We see this so clearly when someone with a normal voice becomes jealous of the gifted singer who always gets to sing solos. They shake their fist at God: “Why did You give that person those gifts instead of me?” The only way we could feel that way is if the real reason we desire gifts is to feed our own desires for fulfillment, satisfaction, and significance. The answer to the jealous question is pretty clear: because God wanted that person to use them.

What Would Jesus Draw?

If we have opinions about how we should use our gifts, we can bet that God does too. That brings up the question of the big art: what does God want from Christian artists? Books upon books have been written on the subject. Some people believe that Christian art should be recognizably distinct from all other art. Others think the only purpose for a Christian to make art is to evangelize. And still, others hate the very idea of Christian art or being labeled a Christian artist.

I suspect that – as usual – the truth lies somewhere in the middle of it all. But even if we can’t agree on the details of God’s plan for His artists, we can certainly agree that He does have opinions on what art we should make, how we should make it, and what it should be about.

One of my friends is an incredible wood sculptor, and when he became a Christian, he developed the habit of prayerfully approaching his art. For him, the artistic process is a way of listening to God and allowing God to lead him.

Giving up independence and control is difficult for any of us, and artists are no exception. We are steeped in a culture that tells us to be ourselves, do our thing, and find the way we’re special. But what if God is quietly calling us to something more humble, more others-focused, and more about Him than about us? To directly connecting our creating to our walk of faith? To following Him even in the way we make art?

For the Non-artist

The way we use art as non-artists is also important. Are we decorating our houses to show off our good taste, or to make our friends and family feel safe, welcome, and at home? Are we using movies and TV to create memories with our families and friends, or are we spending hours and hours alone bingeing on empty entertainment on Netflix?

Anytime we expose ourselves to art (whether we pay for it or not), we participate in it, for better or worse. Are we paying attention to the art we participate in and support? Are we watching movies and TV shows that are teaching us and challenging us, or are we simply reinforcing the consumerism and self-centeredness that our culture has taught us? Are we supporting our creative friends and local community of artists, or are we primarily driving the Hollywood machine and hanging prints of paintings by dead white guys?

The End

Whether we’re working artists, hobby artists, or simply art appreciators, we all participate in art all the time. We may not perceive a deep connection between art and our lives, but we are immersed in it constantly. Could we say “I like the English language, but it isn’t directly connected to my walk of faith”? Of course not!

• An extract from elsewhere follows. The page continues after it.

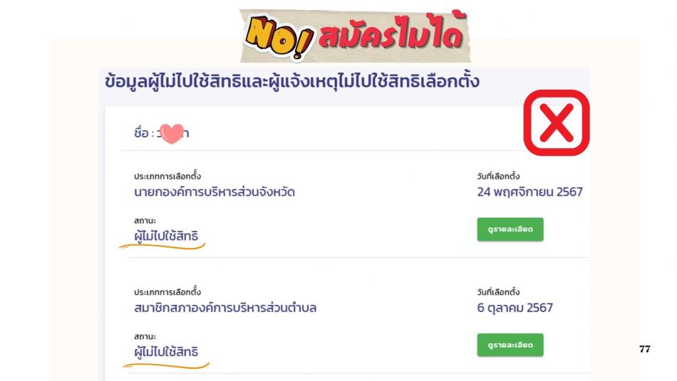 ตรวจสอบการถูกจำกัดสิทธิสมัคร 2 ปี ซึ่งเป็นลักษณะต้องห้ามตามมาตรา 50(20)

English is how I have learned and expressed every idea I have ever communicated, and it happens to be the language in which I read the Bible. We can’t divorce language from the shaping impact it has on our worldview.

My prayer is that we as we mature spiritually we are able to recognize and harness the powerful connection between art – this mysterious spiritual language – and our faith – our lifelong journey of obedience and trust.